BHP Group Ltd expects demand for copper to more than double and demand for nickel to quadruple over the next 30 years under global emissions reduction targets consistent with the Paris agreement.

The supply gap turned into a gap.

On the supply side, Mr Snowden noted that the sharp drop in processing and refining costs reflected the poor performance of miners' supply, as evidenced by exports from Chile and Peru, which have not recovered as expected this year. According to Goldman Sachs Group's forecast, green-related demand will accelerate in the last five years of the decade, eventually generating nearly 5 million tons of additional demand.

Compared with the peak in global mine supply since 2024, these fundamentals will emerge: "by the end of the decade, a record long-term supply gap must be addressed by investing in new mine capacity," Mr Snowden said. "

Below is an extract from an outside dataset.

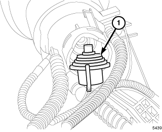 3. Install fuel pressure regulator (1) and ground ring. Note location of ground ring.
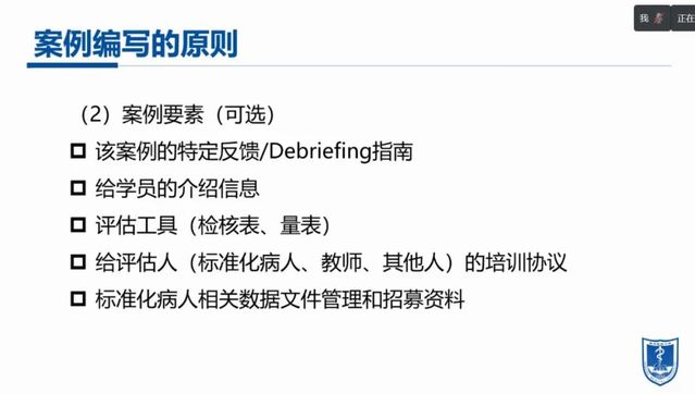 本次培训主要从“回顾SP反馈技巧”“为形成标准化病人活动编写目标”以及“标准化病人案例编写实操”这三点展开讲解,注重理论知识向实践应用的转变。

Over the past few years, the long-term supply gap has indeed widened, with the current supply gap of 8 million tons almost double what it was during the last bull market in the 2000s and early 2010s. "this can only be solved by higher prices stimulating investment in new supplies," Snowden said. "

Goldman Sachs Group called copper a new oil, and copper prices rose.

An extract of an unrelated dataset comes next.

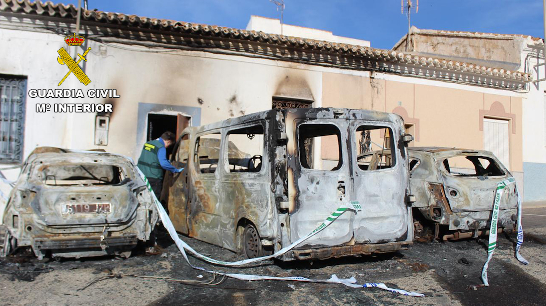 La Guardia Civil, tras la investigación, concluye que el origen estuvo en una persona que prendió fuego a la furgoneta de un vecino, propagándose las llamas a los dos coches.

Goldman Sachs Group expects copper prices to average $11000 a tonne over the next 12 months. The price of copper could rise 66 per cent to $15000 a tonne by 2025, Goldman Sachs Group said in a report entitled "Copper is the new oil". Goldman Sachs Group also predicts that demand for copper will increase nine-fold to 8.7 million tons by 2030. If this process slows, demand will still soar to 5.4 million tonnes, an increase of nearly 600 per cent.

On Thursday, Meijing copper futures rose to $4.1815 a pound, an one-month high. The main contract of Shanghai Copper broke through yesterday's one-month high, rising to 68110 at one time.